What to work on -
Each line in the data must be reproduced as written, except for any picture.
------------------------------------------------------------------------
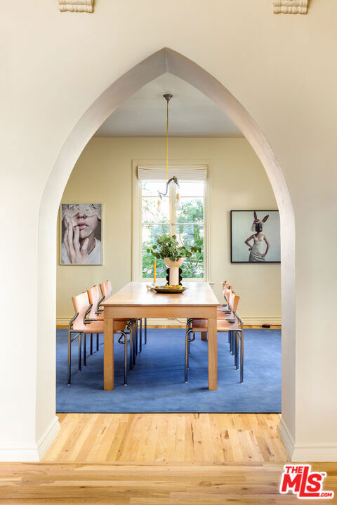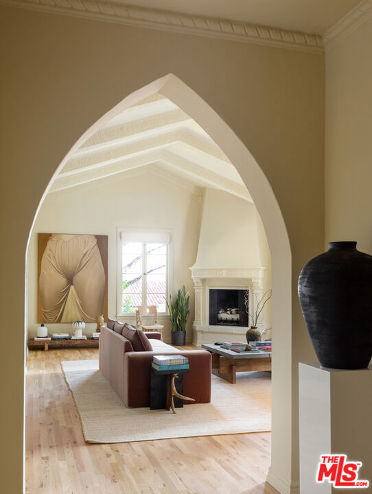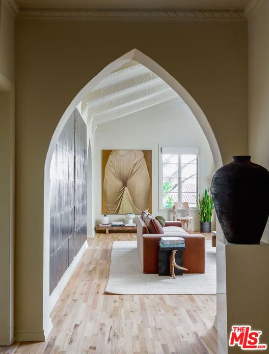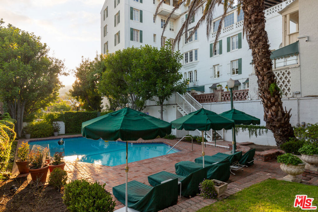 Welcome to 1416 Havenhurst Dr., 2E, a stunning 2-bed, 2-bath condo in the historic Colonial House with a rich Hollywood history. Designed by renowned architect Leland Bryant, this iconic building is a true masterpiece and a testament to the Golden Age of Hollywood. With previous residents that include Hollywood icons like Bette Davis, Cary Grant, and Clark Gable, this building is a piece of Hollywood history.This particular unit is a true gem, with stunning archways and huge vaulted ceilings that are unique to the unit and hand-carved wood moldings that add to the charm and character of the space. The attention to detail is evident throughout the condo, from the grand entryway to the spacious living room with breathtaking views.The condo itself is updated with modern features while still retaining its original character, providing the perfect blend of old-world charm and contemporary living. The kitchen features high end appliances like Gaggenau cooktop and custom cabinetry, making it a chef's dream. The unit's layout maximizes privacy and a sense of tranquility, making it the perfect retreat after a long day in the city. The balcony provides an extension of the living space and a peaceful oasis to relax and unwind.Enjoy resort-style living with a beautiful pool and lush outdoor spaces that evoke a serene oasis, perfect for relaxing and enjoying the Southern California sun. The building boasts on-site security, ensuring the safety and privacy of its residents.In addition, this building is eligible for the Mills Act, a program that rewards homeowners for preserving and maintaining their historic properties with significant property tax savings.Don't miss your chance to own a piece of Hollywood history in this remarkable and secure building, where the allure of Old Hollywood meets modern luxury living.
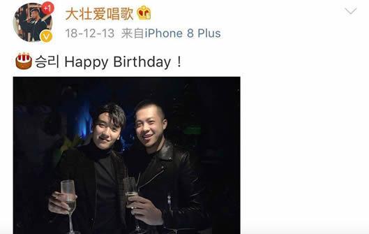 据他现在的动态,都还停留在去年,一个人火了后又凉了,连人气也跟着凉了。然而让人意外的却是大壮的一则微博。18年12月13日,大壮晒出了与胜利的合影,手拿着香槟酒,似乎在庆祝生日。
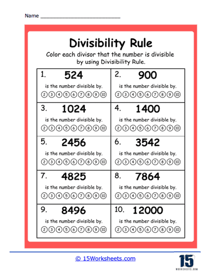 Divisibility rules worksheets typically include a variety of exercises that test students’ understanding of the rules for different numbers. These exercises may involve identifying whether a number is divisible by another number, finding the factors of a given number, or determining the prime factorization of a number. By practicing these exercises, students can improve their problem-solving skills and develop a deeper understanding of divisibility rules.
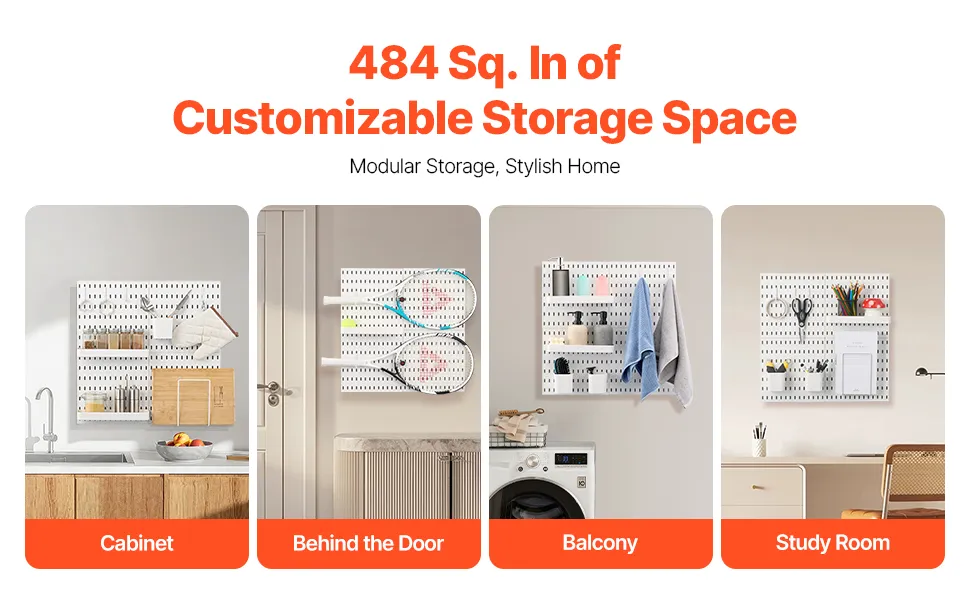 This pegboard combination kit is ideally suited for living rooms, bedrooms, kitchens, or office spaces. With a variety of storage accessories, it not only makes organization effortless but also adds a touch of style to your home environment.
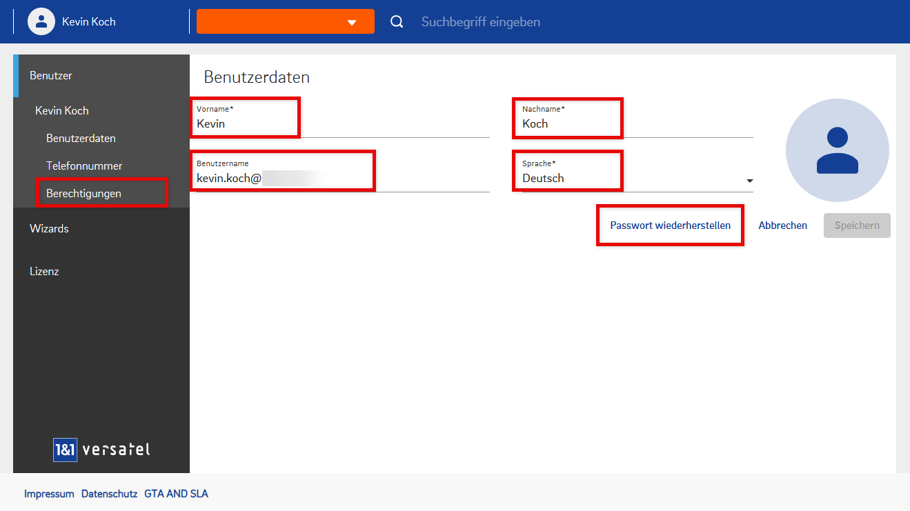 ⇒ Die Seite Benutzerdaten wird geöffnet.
------------------------------------------------------------------------
Result of the exercise -
 Welcome to 1416 Havenhurst Dr., 2E, a stunning 2-bed, 2-bath condo in the historic Colonial House with a rich Hollywood history. Designed by renowned architect Leland Bryant, this iconic building is a true masterpiece and a testament to the Golden Age of Hollywood. With previous residents that include Hollywood icons like Bette Davis, Cary Grant, and Clark Gable, this building is a piece of Hollywood history.This particular unit is a true gem, with stunning archways and huge vaulted ceilings that are unique to the unit and hand-carved wood moldings that add to the charm and character of the space. The attention to detail is evident throughout the condo, from the grand entryway to the spacious living room with breathtaking views.The condo itself is updated with modern features while still retaining its original character, providing the perfect blend of old-world charm and contemporary living. The kitchen features high end appliances like Gaggenau cooktop and custom cabinetry, making it a chef's dream. The unit's layout maximizes privacy and a sense of tranquility, making it the perfect retreat after a long day in the city. The balcony provides an extension of the living space and a peaceful oasis to relax and unwind.Enjoy resort-style living with a beautiful pool and lush outdoor spaces that evoke a serene oasis, perfect for relaxing and enjoying the Southern California sun. The building boasts on-site security, ensuring the safety and privacy of its residents.In addition, this building is eligible for the Mills Act, a program that rewards homeowners for preserving and maintaining their historic properties with significant property tax savings.Don't miss your chance to own a piece of Hollywood history in this remarkable and secure building, where the allure of Old Hollywood meets modern luxury living.
 据他现在的动态,都还停留在去年,一个人火了后又凉了,连人气也跟着凉了。然而让人意外的却是大壮的一则微博。18年12月13日,大壮晒出了与胜利的合影,手拿着香槟酒,似乎在庆祝生日。
 Divisibility rules worksheets typically include a variety of exercises that test students’ understanding of the rules for different numbers. These exercises may involve identifying whether a number is divisible by another number, finding the factors of a given number, or determining the prime factorization of a number. By practicing these exercises, students can improve their problem-solving skills and develop a deeper understanding of divisibility rules.
 This pegboard combination kit is ideally suited for living rooms, bedrooms, kitchens, or office spaces. With a variety of storage accessories, it not only makes organization effortless but also adds a touch of style to your home environment.
 ⇒ Die Seite Benutzerdaten wird geöffnet.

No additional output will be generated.